What to do:
Write out exactly, and only, the lines below from the line with "2026 「부산진구 백양산" through the line with "方萍老师比赛课题是《空间中点"; pictures do not belong in the copy.

Excerpted records:

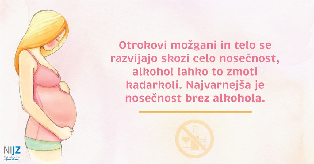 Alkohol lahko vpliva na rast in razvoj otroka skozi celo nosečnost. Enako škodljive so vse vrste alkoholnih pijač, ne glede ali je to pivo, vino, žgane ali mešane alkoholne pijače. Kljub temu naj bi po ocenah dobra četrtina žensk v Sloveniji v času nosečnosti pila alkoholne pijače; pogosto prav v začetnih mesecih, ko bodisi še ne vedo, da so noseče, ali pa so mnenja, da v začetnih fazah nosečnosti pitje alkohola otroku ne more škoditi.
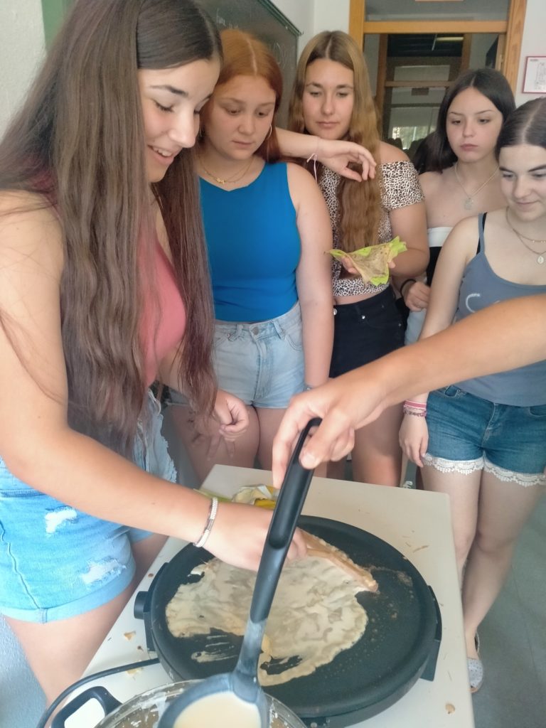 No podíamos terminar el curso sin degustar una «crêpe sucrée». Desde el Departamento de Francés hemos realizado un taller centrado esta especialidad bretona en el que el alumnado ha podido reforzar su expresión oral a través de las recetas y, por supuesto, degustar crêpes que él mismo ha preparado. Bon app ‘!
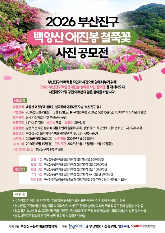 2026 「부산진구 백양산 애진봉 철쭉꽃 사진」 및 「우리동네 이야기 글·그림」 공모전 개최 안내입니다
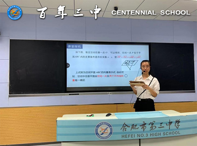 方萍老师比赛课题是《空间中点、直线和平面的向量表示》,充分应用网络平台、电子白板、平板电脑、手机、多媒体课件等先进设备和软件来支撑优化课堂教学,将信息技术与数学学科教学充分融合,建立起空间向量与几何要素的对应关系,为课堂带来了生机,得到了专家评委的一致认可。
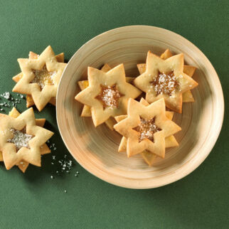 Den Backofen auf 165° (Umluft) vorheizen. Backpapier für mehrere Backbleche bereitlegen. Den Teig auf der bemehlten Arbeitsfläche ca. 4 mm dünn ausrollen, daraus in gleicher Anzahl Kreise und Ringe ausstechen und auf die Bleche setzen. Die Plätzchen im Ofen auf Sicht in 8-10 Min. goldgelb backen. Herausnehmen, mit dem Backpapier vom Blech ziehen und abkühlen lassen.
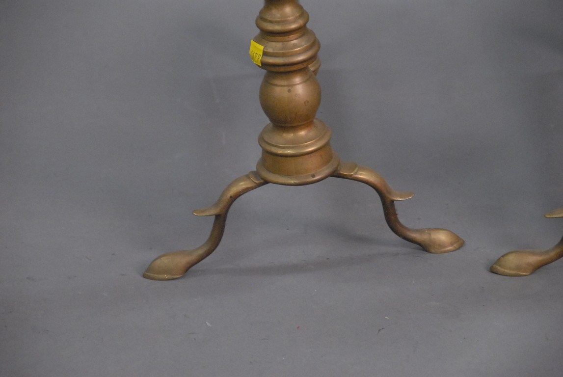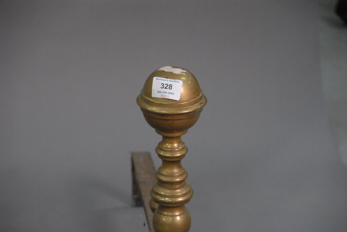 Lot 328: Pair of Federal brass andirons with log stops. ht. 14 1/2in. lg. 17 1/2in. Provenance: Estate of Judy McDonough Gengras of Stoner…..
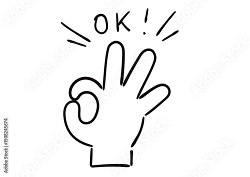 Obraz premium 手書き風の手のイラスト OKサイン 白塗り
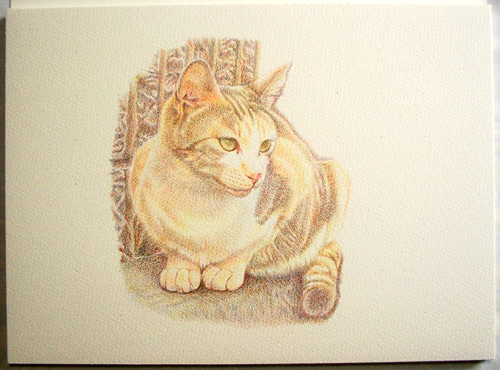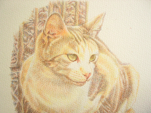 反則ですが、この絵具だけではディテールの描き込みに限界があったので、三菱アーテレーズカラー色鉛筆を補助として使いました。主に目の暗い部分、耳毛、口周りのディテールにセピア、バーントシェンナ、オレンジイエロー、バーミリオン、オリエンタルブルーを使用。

...

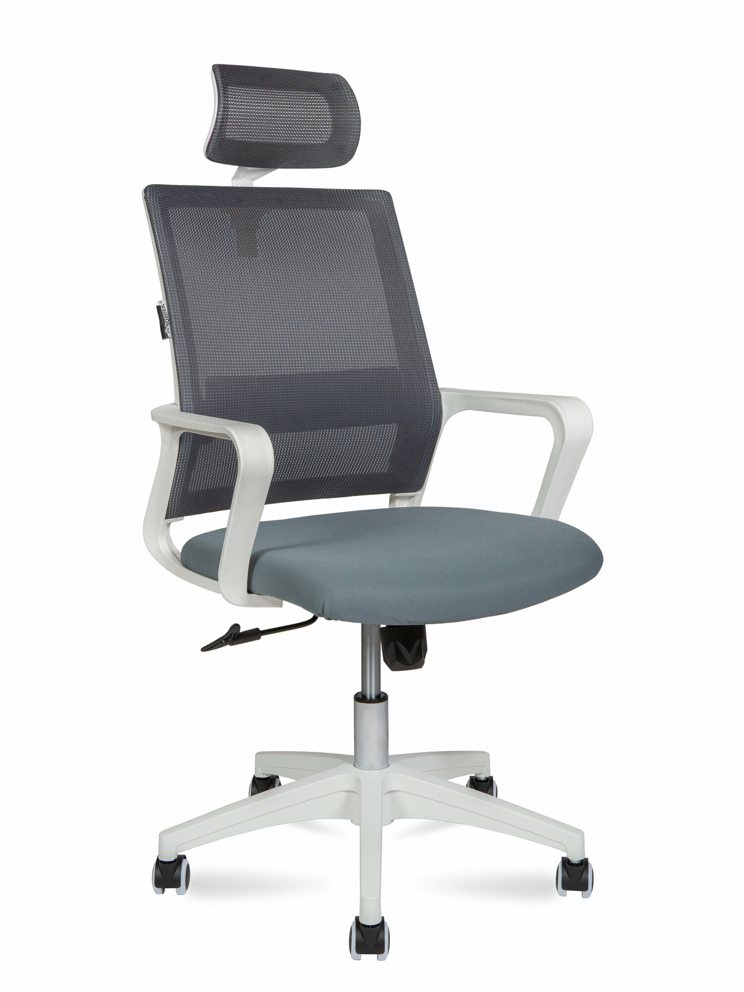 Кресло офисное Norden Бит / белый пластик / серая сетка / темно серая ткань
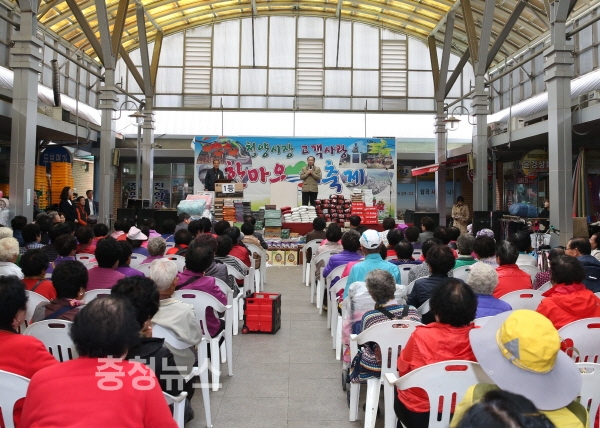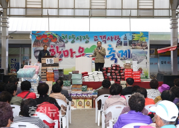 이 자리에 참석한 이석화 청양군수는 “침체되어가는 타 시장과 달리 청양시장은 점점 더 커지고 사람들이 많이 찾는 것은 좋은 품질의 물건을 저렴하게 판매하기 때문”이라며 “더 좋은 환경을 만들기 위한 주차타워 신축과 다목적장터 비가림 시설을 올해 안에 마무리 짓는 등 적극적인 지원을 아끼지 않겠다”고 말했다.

Response:
 2026 「부산진구 백양산 애진봉 철쭉꽃 사진」 및 「우리동네 이야기 글·그림」 공모전 개최 안내입니다
 方萍老师比赛课题是《空间中点、直线和平面的向量表示》,充分应用网络平台、电子白板、平板电脑、手机、多媒体课件等先进设备和软件来支撑优化课堂教学,将信息技术与数学学科教学充分融合,建立起空间向量与几何要素的对应关系,为课堂带来了生机,得到了专家评委的一致认可。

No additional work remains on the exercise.